If you're interested in this topic w.r.t software engineering, check out
Michael Lopp's article in The Magazine about Stables and Volatiles[1]. Really
good piece on how companies are composed of and need both Volatiles like The
Kid who move fast and innovate, and Stables who clean up the mess and move the
company towards profitability.

[1]: <http://the-magazine.org/1/stables-and-volatiles>

------
DanielRibeiro
Kent Beck, the guy who created Extreme Programming, Test Driven Development,
and the first Unit Test Library ever, made a very similar point about this a
few years ago, in his "The Flight of the Startup"[1]
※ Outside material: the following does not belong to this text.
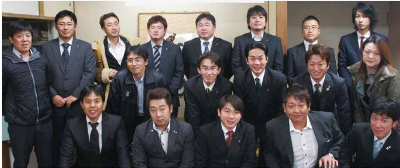
掲載 12月定例会及び通常総会

皆様におかれましては、つつがなく新しい年をお迎えのこととお慶び申し上げます。おかげさまで平成25年度宮若商工会議所青年部の事業として、12月の宮若冬ホタテクラリー大会に始まり、12月の宮若冬ホタテイルミネーション祭りまで約3分の2の事業を無事に行う事ができました。これも日頃から我々青年部に対する皆様のご理解とご協力のおかげで成功出来たと思っております。私個人としては、会長という立場で1番印象に残るのは9月に日本商工会議所青年部の主催で行われた『震災復興フォーラムin岩手』で訪れた宮城県気仙沼市での地元青年部の方々と交流が印象に残っています。 今までなかなか自ら訪れる事の出来なかつた被災地で実際に目にした光景、実際に聞いた震災時の様子は自分が想像した以上のものでした。平成23年におこった東日本大震災から3年近くなった現在でも復興と呼ぶには程遠い現状がそこにはありました。そんな中、元通りの地元を取り戻そうと地域の先頭に立って行動している青年部のメンバーに復興で何が必要ですか？と聞いた時に「何より震災の事を忘れないで下さい。」と言う答えでした。我々は同じ青年経済人として地元を愛するメンバーとして彼らの行動と発言に敬意を

 _In the taxi phase, breadth, speed, and, above all, cost of experimentation
is the key. Try out ideas related to lots of different needs. Precision of
feedback during the taxi phase is less important than trying out lots of
different kind of ideas. The risk during the taxi phase is that you won’t find
a genuine need. Address this by reducing the cost of experiments and running
many of them._

After working for a while for Facebook ( _the move fast and break things_
company) he described how deployment speed dramatically affects how you work
on his "Software G Forces: The Effects of Acceleration"[2].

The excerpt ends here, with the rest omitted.